Exercise data:
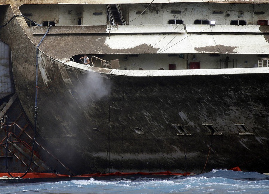 Read moreA worker sprays water on a deck of the Costa Concordia as the vessel is refloated and almost ready to be towed away from the tiny Tuscan island of Isola del Giglio, on July 22, 2014. #
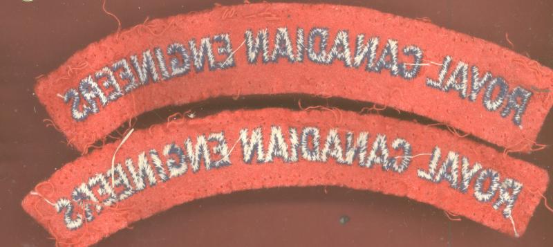 A good scarce blue embroidered letters on red felt titles. Removed from uniform. GC.
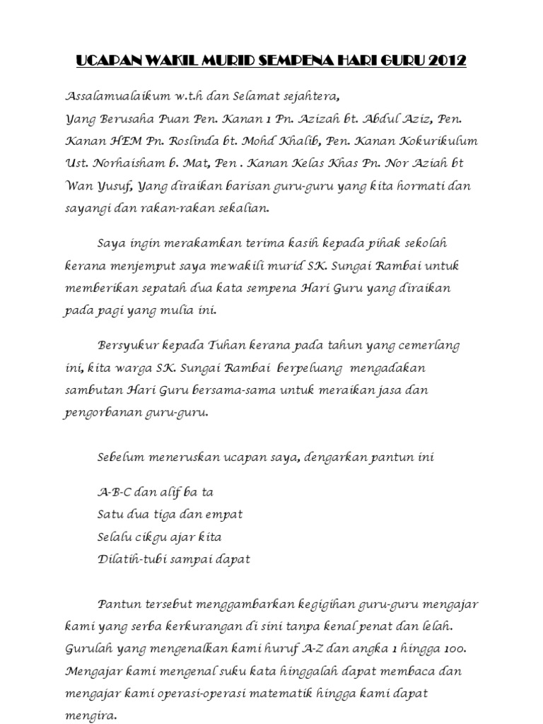 Salam sejahtera saya ucapkan kepada Tuan Guru BesarGuru Penolong Kananguru-guru dan rakan sekalianSaya sebagai wakil muridingin mengucapkan selamat menyambut Hari Guru kepada semua guru di sekolah ini. Oleh itu pemergian saya juga kenalah cara baik sejajar dengan cara layanan semua. Selamat pagi saya ucapkan kepada Tuan Guru Besar guru-guru dan rakan sekalian.

What needs to be done: The reply should repeat the data in full, exactly as given, and contain no pictures.

Your response:
 Read moreA worker sprays water on a deck of the Costa Concordia as the vessel is refloated and almost ready to be towed away from the tiny Tuscan island of Isola del Giglio, on July 22, 2014. #
 A good scarce blue embroidered letters on red felt titles. Removed from uniform. GC.
 Salam sejahtera saya ucapkan kepada Tuan Guru BesarGuru Penolong Kananguru-guru dan rakan sekalianSaya sebagai wakil muridingin mengucapkan selamat menyambut Hari Guru kepada semua guru di sekolah ini. Oleh itu pemergian saya juga kenalah cara baik sejajar dengan cara layanan semua. Selamat pagi saya ucapkan kepada Tuan Guru Besar guru-guru dan rakan sekalian.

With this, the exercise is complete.